Impact With the 4.6.9.4 firmware of the modem a full registration when an update was only needed. With 4.7.1.1 of the modem-firmware even not able to do an lwm2m registration.

Logs and console output

uart:~$ lwm2m update
[00:14:32.302,459] <dbg> net_lwm2m_rd_client: lwm2m_rd_client_service: State: 10
[00:14:32.302,490] <dbg> net_lwm2m_client_app: rd_client_event: Registration update
[00:14:32.302,520] <dbg> net_lwm2m_rd_client: lwm2m_rd_client_service: State: 11
[00:14:32.302,551] <dbg> net_lwm2m_engine: lwm2m_engine_connection_resume: Close and resume a new connection
[00:14:32.302,612] <dbg> modem_hl7800: allow_sleep: Keep awake
[00:14:32.302,612] <dbg> modem_hl7800: wakeup_hl7800: Waiting to wakeup
[00:14:32.303,375] <dbg> modem_hl7800: allow_sleep: Keep awake
[00:14:34.084,136] <dbg> modem_hl7800: hl7800_rx: HANDLE +KUDP_IND:  (len:3)
[00:14:34.084,197] <dbg> modem_hl7800: on_cmd_sock_ind: +KUDP_IND ID: 1
[00:14:34.085,174] <dbg> modem_hl7800: hl7800_rx: HANDLE +KSUP:  (len:1)
[00:14:34.085,235] <inf> modem_hl7800: Startup State: READY
[00:14:34.085,266] <inf> modem_hl7800: Sleep State: AWAKE
[00:14:34.085,388] <dbg> modem_hl7800: send_at_cmd: OUT: [AT+KCNXCFG=1,"GPRS","",,,"IPV4"]
[00:14:34.088,226] <dbg> modem_hl7800: send_at_cmd: sem_take, response_sem
[00:14:34.099,884] <dbg> modem_hl7800: hl7800_rx: HANDLE OK (len:0)
[00:14:34.099,914] <dbg> modem_hl7800: on_cmd_sockok: sem_give, response_sem
[00:14:34.100,006] <dbg> modem_hl7800: send_at_cmd: OUT: [AT+KTCPCFG?]
[00:14:34.101,013] <dbg> modem_hl7800: send_at_cmd: sem_take, response_sem
[00:14:34.105,895] <dbg> modem_hl7800: hl7800_rx: HANDLE OK (len:0)
[00:14:34.105,926] <dbg> modem_hl7800: on_cmd_sockok: sem_give, response_sem
[00:14:34.106,018] <dbg> modem_hl7800: send_at_cmd: OUT: [AT+KUDPCFG?]
[00:14:34.107,055] <dbg> modem_hl7800: send_at_cmd: sem_take, response_sem
[00:14:34.115,600] <dbg> modem_hl7800: hl7800_rx: HANDLE +KUDPCFG:  (len:23)
[00:14:34.115,631] <dbg> modem_hl7800: on_cmd_sockcreate: +KUDPCFG: 1
[00:14:34.115,661] <dbg> modem_hl7800: on_cmd_sockcreate: last socket id. Before: 0, after: 1
[00:14:34.116,119] <dbg> modem_hl7800: hl7800_rx: HANDLE OK (len:0)
[00:14:34.116,119] <dbg> modem_hl7800: on_cmd_sockok: sem_give, sock_send_sem
[00:14:40.107,208] <err> modem_hl7800: Invalid socket_id(-1) for net_ctx:0x20006534!
[00:14:40.107,269] <err> net_lwm2m_engine: Cannot connect UDP (-22)
[00:14:40.107,330] <dbg> modem_hl7800: allow_sleep: Keep awake
[00:14:40.107,391] <dbg> modem_hl7800: send_at_cmd: OUT: [AT+KUDPCLOSE=-1]
[00:14:40.108,825] <dbg> modem_hl7800: send_at_cmd: sem_take, sock_send_sem
[00:14:40.116,088] <dbg> modem_hl7800: hl7800_rx: HANDLE +CME ERROR:  (len:3)
[00:14:40.116,149] <err> modem_hl7800: Error code: 916
[00:14:46.108,947] <err> net_lwm2m_rd_client: Failed to update registration. Falling back to full registration

Environment (please complete the following information):

rerickson1 commented 11 months ago

Thanks for filing this. I have a PR that I need to get started that fixes some sleep issues that will likely fix this.

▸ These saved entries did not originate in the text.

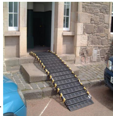
Roll-a-ramp at the Millworkers House

If you wish to visit these areas please ask the staff on duty for advice & assistance.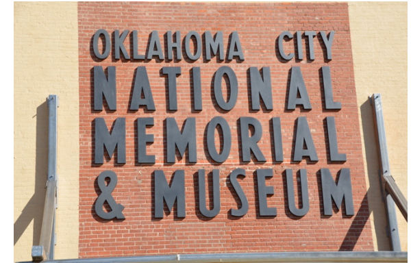
Visiting the Oklahoma City National Memorial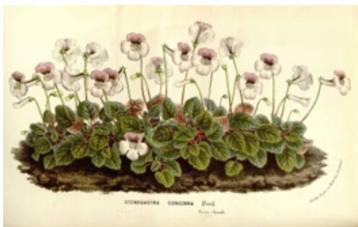
Sinningia concinna , one parent of S. 'Li'l Georgie'. 1861 botanical illustration (as Stenogastra ).

Will S. 'Li'l Georgie' be the second most successful sinningia in commercial horticulture behind the Florist Gloxinia? It could be. In fact, it could become the leading flowering plant in the Miniature Gardening category – the most significant breakthrough of my lifetime.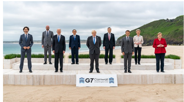
The leaders of the G7 nations pose for a picture at the G7 summit on June 11 after the bloc agreed to fund the B3W Initiative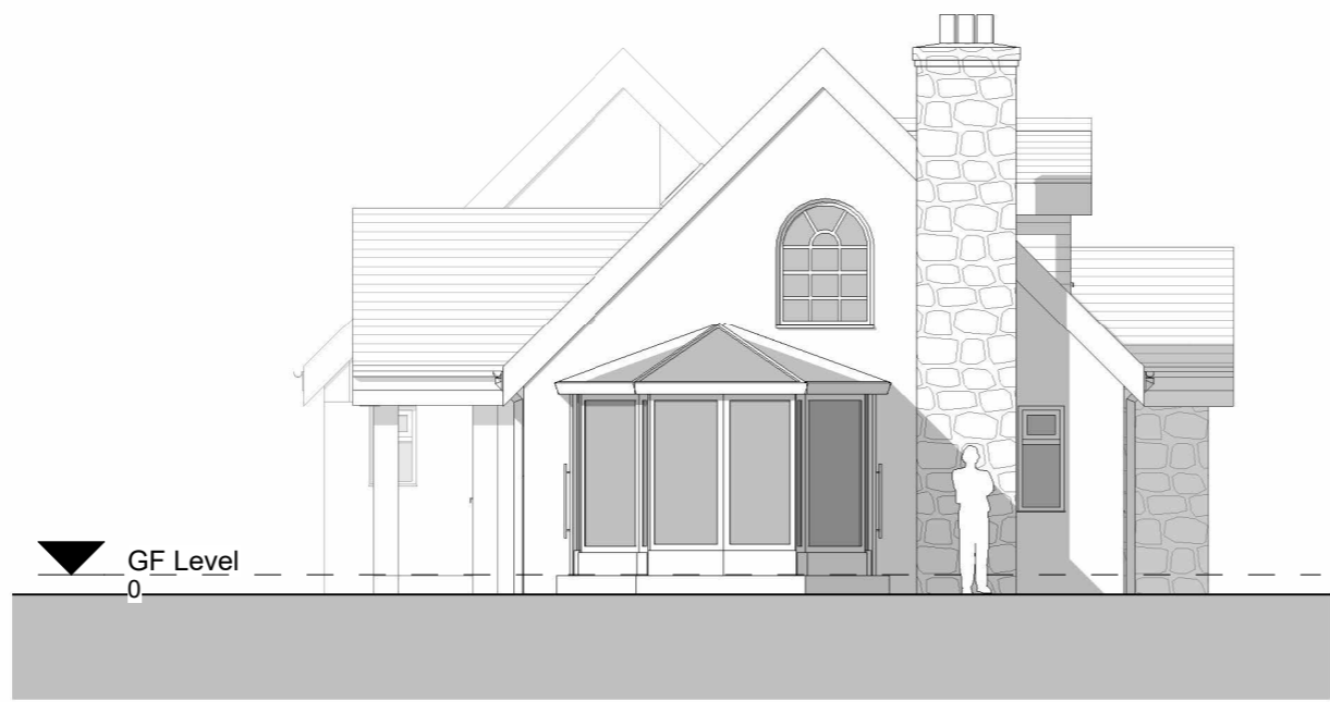
1 EXISTING EAST ELEVATION 021 SCALE: 1 : 100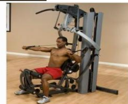
F600 Arm Seat Press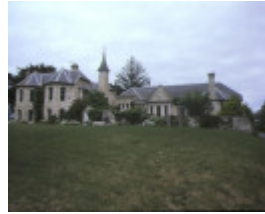
1 barragunda cape schanck road cape schanck view of property dec1984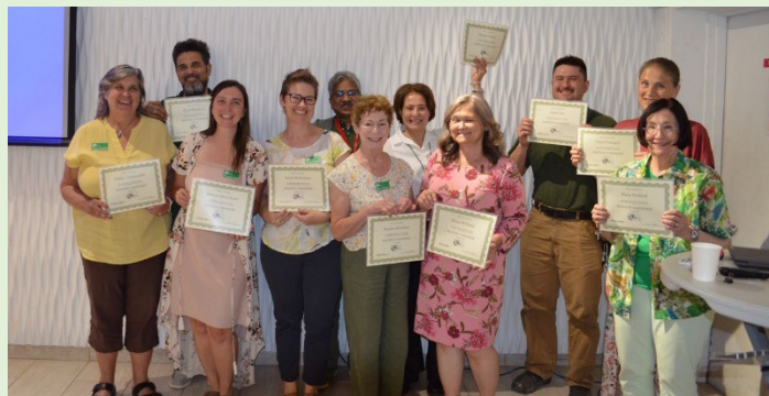
Toronto Master Gardeners is pleased to congratulate 13 new graduates in 2026!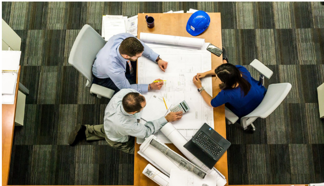
The change will affect SMEs during a time of great uncertainty.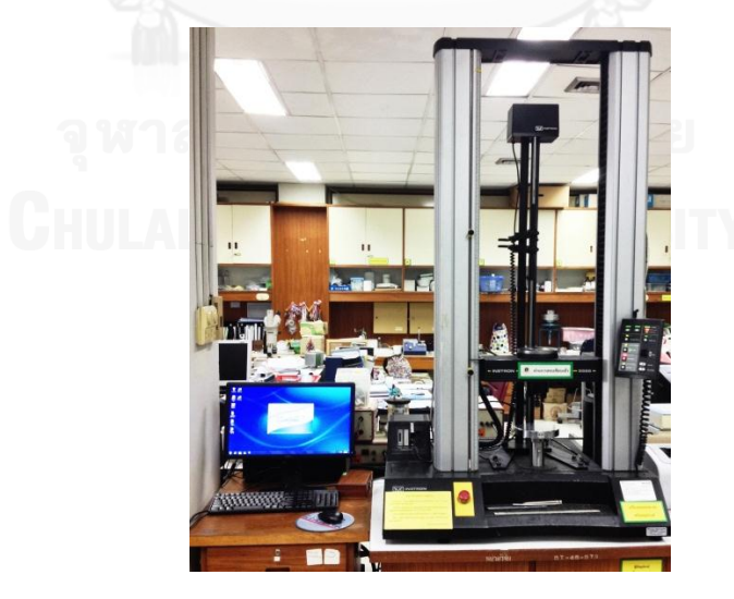
Figure 3 Universal Testing Machine, Instron model 5566, Canton, MA, USA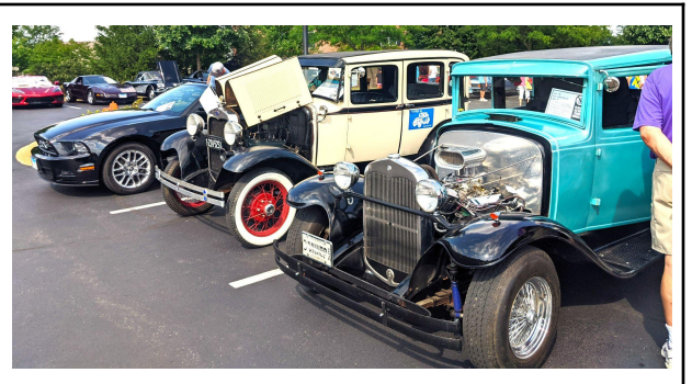
Variety of cars at the show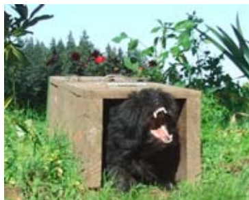
Happy in the tunnel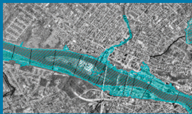
Digital Flood Hazard Data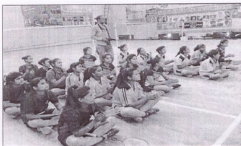
Participation at Inter collegiate Badminton tournament (Session 2018-2019) Chitrgupt (PG) College Mainpuri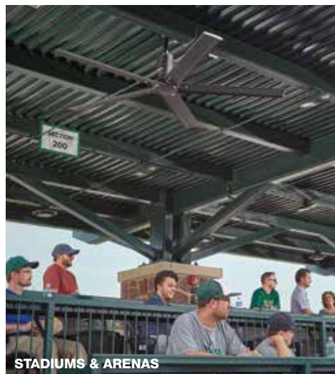
STADIUMS & ARENAS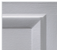
Cape Cod Gray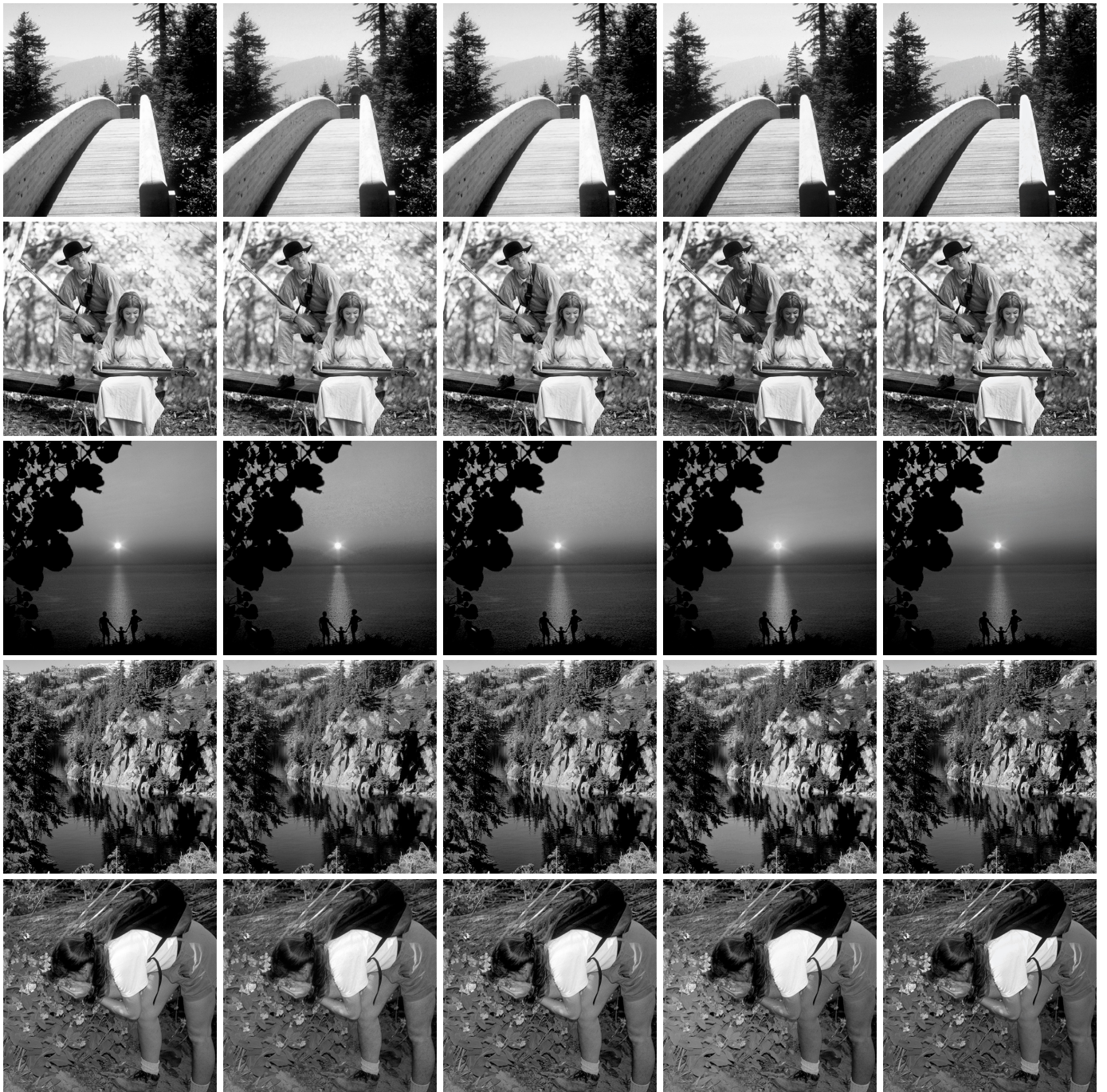
Fig. 3. Resulting greyscale images for the CSIQ test images shown in Figure 1. Left to right: CIELAB L^* , \Delta E_{00} , \Delta E_{99} , Du, and Smith.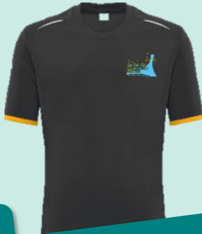
Black and gold T-shirt with school motif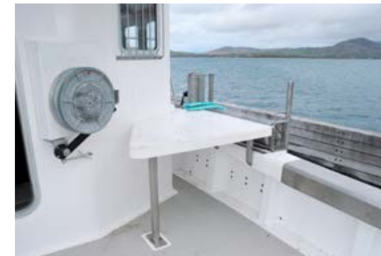
Hauler & Baiting table.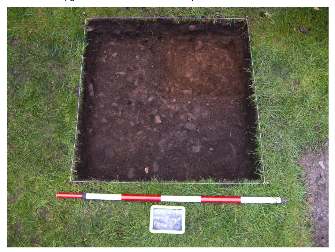
Figure 3 . Trench 2 Post excavation showing sondage, contrast between contexts 201 and 202 is clearly visible.

Information from the owners of the Bakehouse suggested that the area of excavation abutted the former coal shed. It may be that the area was kept clear as an area of hard standing outside this feature and covered by garden soil in the late 19<sup>th</sup> century.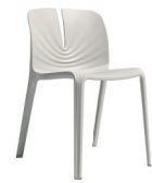
CPS10GS W19 7/8**D20 7/8**H30"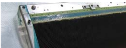
Boeing 737 honeycomb composite repair

Strategic partners with design capabilities.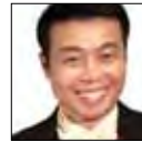
孫斌 Sun Bin

github-actions[bot] commented 9 months ago

This issue has been marked as stale because it has been open (more than) 60 days with no activity. Remove the stale label or add a comment saying that you would like to have the label removed otherwise this issue will automatically be closed in 14 days. Note, that you can always re-open a closed issue at any time.